• **Exercise requirements**:
Your output consists solely of the lines from the one that contains "Das Team vom" to the end of the material, each reproduced exactly; pictures do not belong in it.

• **Data excerpt**:
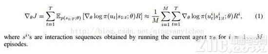 公式(1)也叫做增强学习的规则,它包括运用当前的策略运行agent去获得交互序列,然后根据可以增大奖励信号的行为调整theta。它的训练过程就是用增强学习的方法学习具体任务策略。关于给定任务,根据模型做出的一系列决定给出表现评价,最大化表现评价,对其进行端到端的优化。
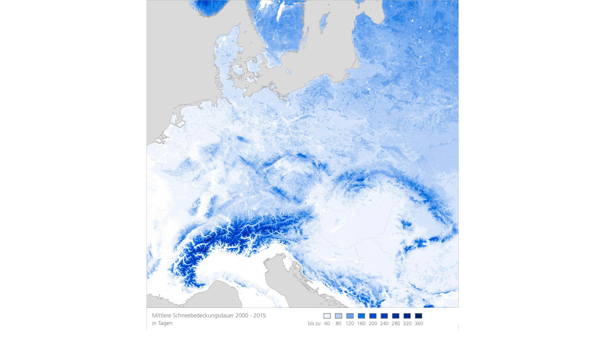 Das Team vom Erdbeobachtungszentrum (EOC) in Oberpfaffenhofen hat Daten bis zum Jahr 2000 ausgewertet. Dabei konnte ein statistischer Mittelwert der Schneebedeckungsdauer für nahezu den gesamten Globus ermittelt werden. Die Karte zeigt die mittlere Schneebedeckungsdauer für Mitteleuropa. Je dunkler das Blau wird, desto länger liegt in diesen Gebieten der Schnee.
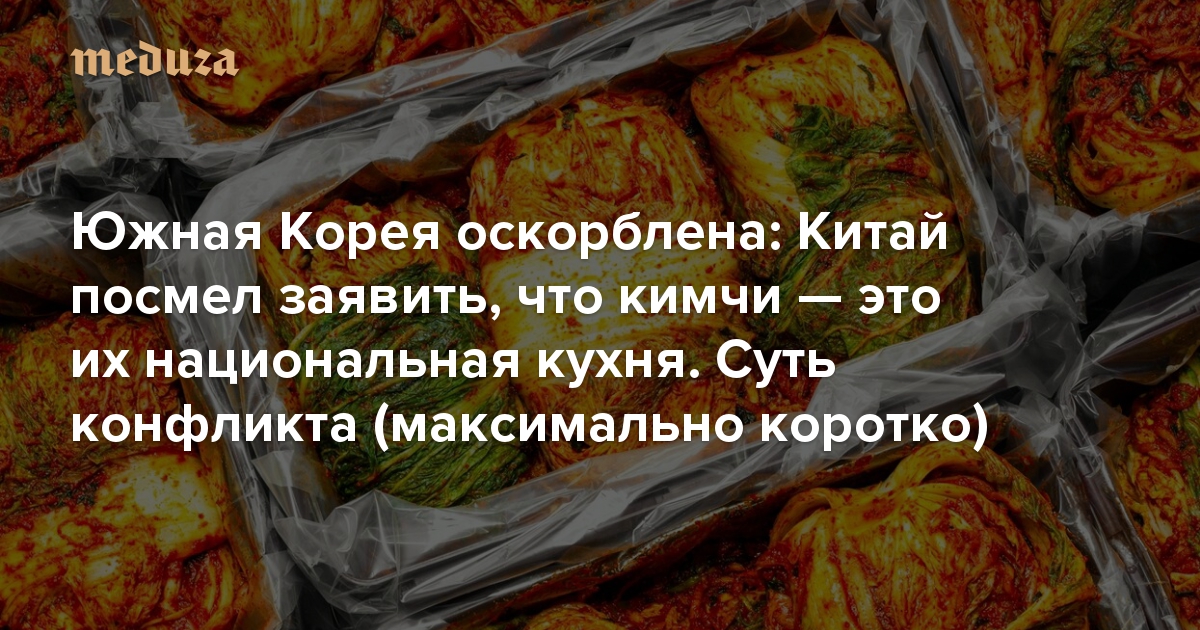 Началось все с публикаций в китайских СМИ, где утверждалось, что Китай стал мировым лидером по производству кимчи. Недавно страна получила сертификат Международной организации по стандартизации (ISO). Но не за кимчи, а за пао цай — это маринованные овощи, которые часто используют в блюдах сычуаньской кухни.

• **Exercise response**:
 Das Team vom Erdbeobachtungszentrum (EOC) in Oberpfaffenhofen hat Daten bis zum Jahr 2000 ausgewertet. Dabei konnte ein statistischer Mittelwert der Schneebedeckungsdauer für nahezu den gesamten Globus ermittelt werden. Die Karte zeigt die mittlere Schneebedeckungsdauer für Mitteleuropa. Je dunkler das Blau wird, desto länger liegt in diesen Gebieten der Schnee.
 Началось все с публикаций в китайских СМИ, где утверждалось, что Китай стал мировым лидером по производству кимчи. Недавно страна получила сертификат Международной организации по стандартизации (ISO). Но не за кимчи, а за пао цай — это маринованные овощи, которые часто используют в блюдах сычуаньской кухни.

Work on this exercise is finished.